I was unimpressed. If he’d read as much Vergil as he obviously had H.P. Lovecraft, then maybe they would have given him tenure at Mackinac.
But I could not deny that something, something, was taking form on the sensor screen–symbols that almost carried meaning, delineated by the slow ghostly sweeps of the sensor beams.
Suddenly, the darkness of the night was shattered by a sunbright burning ellipsoid that soared over the eastern horizon. It was some sort of dirigible: I could see the name HAROLD LAMB and some other less legible markings on its side. The dirigible changed directions and speeds at an unbelievable rate, finally conducting a barrel-roll directly over the Caeruleum. Through the windows I saw a motley crew of adventurers tumbling about the cabin and through one of the broken portholes I heard someone screwam, “No! Jones, stop! Don’t press the red button! The motivators will go into overdrive and we’ll be smashed to pulp!”
In answer came an unearthly shriek, “Yes! Yes! Yes! Exactly! SMASHED TO PULP! Ahahahahaahaha!”
Then there was a sky-rending groan as the motivators of the unearthly airship went into overdrive. Caeruleum was struck from the sky by the invisible hammer of a sonic boom and all through the swamp crickets burst like green insectoid popcorn.
Then the deadly airship and its mad crew were gone over the far horizon. Rapunzel McNally deftly guided Caeruleum to the secret aircar port atop the Fortress of Engitude.
“I hate those guys,” she said laconically. “We get anything?”
There were two numbers burning on the sensor screen.
709
711
“What does it mean?” she asked.
“I’m pretty sure those are the Black Gate booth numbers at Dragon*Con,” I said.

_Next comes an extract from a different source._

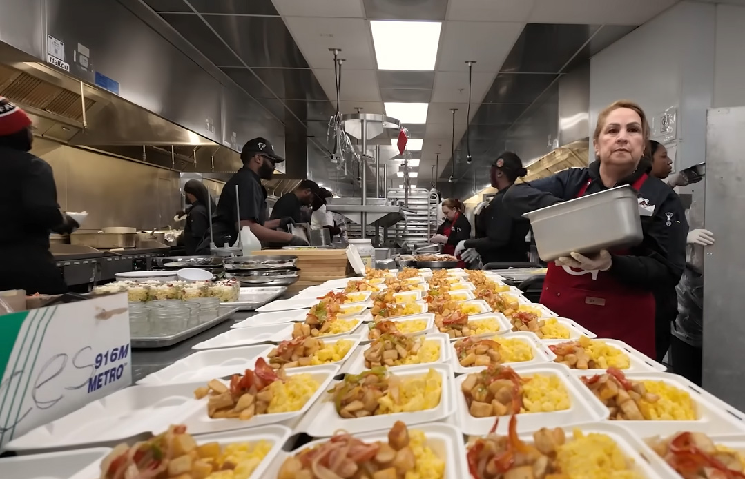 Eldhúsin á Mercedes-Benz Stadium eru í raun heill veitingabær. Þar eru starfrækt fjölmörg eldhús og sölustöðvar sem saman þurfa að framleiða tugþúsundir skammta á örfáum klukkustundum. Samkvæmt myndbandinu er eldað fyrir allt að 70.000 áhorfendur á leikdegi. Það krefst nákvæmrar áætlun, samhæfingar við birgja og stöðugrar endurnýjunar á hráefni. Matvælaflutningar hefjast snemma á morgni leikdags og flæði vörunnar inn á svæðið þarf að ganga snurðulaust fyrir sig þrátt fyrir að vellinum sé enn verið að umbreyta.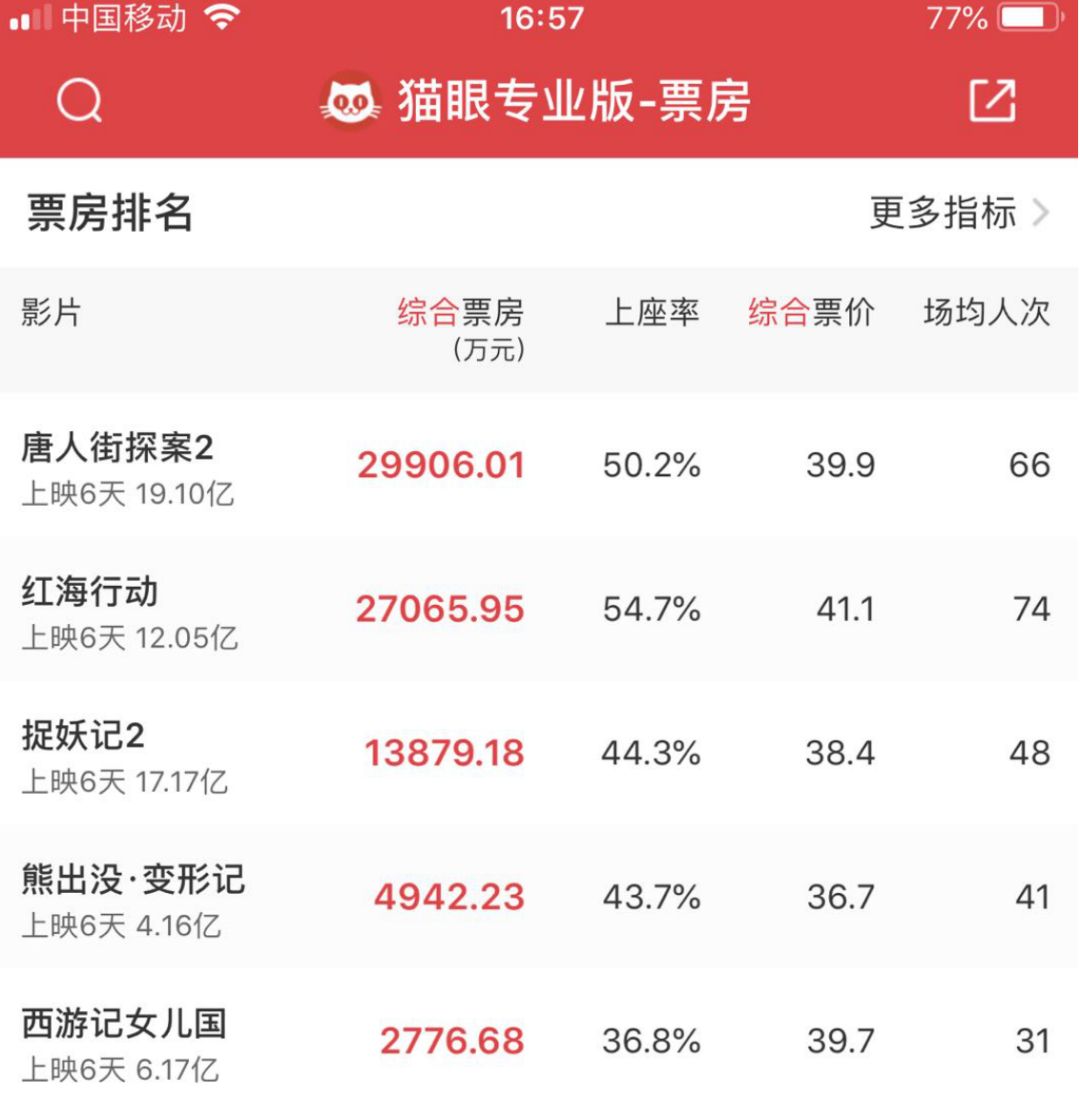 拥有全明星阵容《疯狂的外星人》曾被认为票房冠军大热门,猫眼给出了36.46亿元的总票房预测。大年初一,《疯狂的外星人》票房4.07亿元,观影人次达896.6万,排片占比20.4%;而排片占比20.9%的《飞驰人生》票房仅3.18亿元。票房居第三四位分别是《新喜剧之王》的2.72亿元、《流浪地球》的2.02亿元。

“I guess we’re going to Dragon*Con, then.”
“I guess so.”
“It’s what the Old Ones would have wanted,” said crazy old McNally, partly rugose and completely squamose.
Dear Mr. Enge,
The mad philologist’s beautiful daughter sounds like my kinda gal. I hope she guides both her father and the Caeruleum to safety in Atlanta… And then stars in her very own novel! Or even better… Her own GRAPHIC NOVEL! “Rapunzel’s Road: The Adventures of a Mad Philologist’s Daughter.”
Were I not stuck back at Headquarters fighting off Evil Overlords, Robot Minions, Zombie Slaves and perfectly normal people dressed up as Wookies (all those who DIDN’T go to Dragon*Con, that is), foiling their nefarious corporate plots and, you know, saving the world and stuff, you can bet Booths 709 and 711 would be my first Dragon*Con stopover.
As it is, perhaps I shall get those numbers tattooed in luminous ink on some obscure but not entirely inaccessible portion of my anatomy, to amuse my friends and drive my foes to frothing lunacy with with the mystery of it all.
– C.S.E. Cooney
You lot aren’t getting close to anyone’s beautiful daughter until you take that wookie costume to the dry cleaners.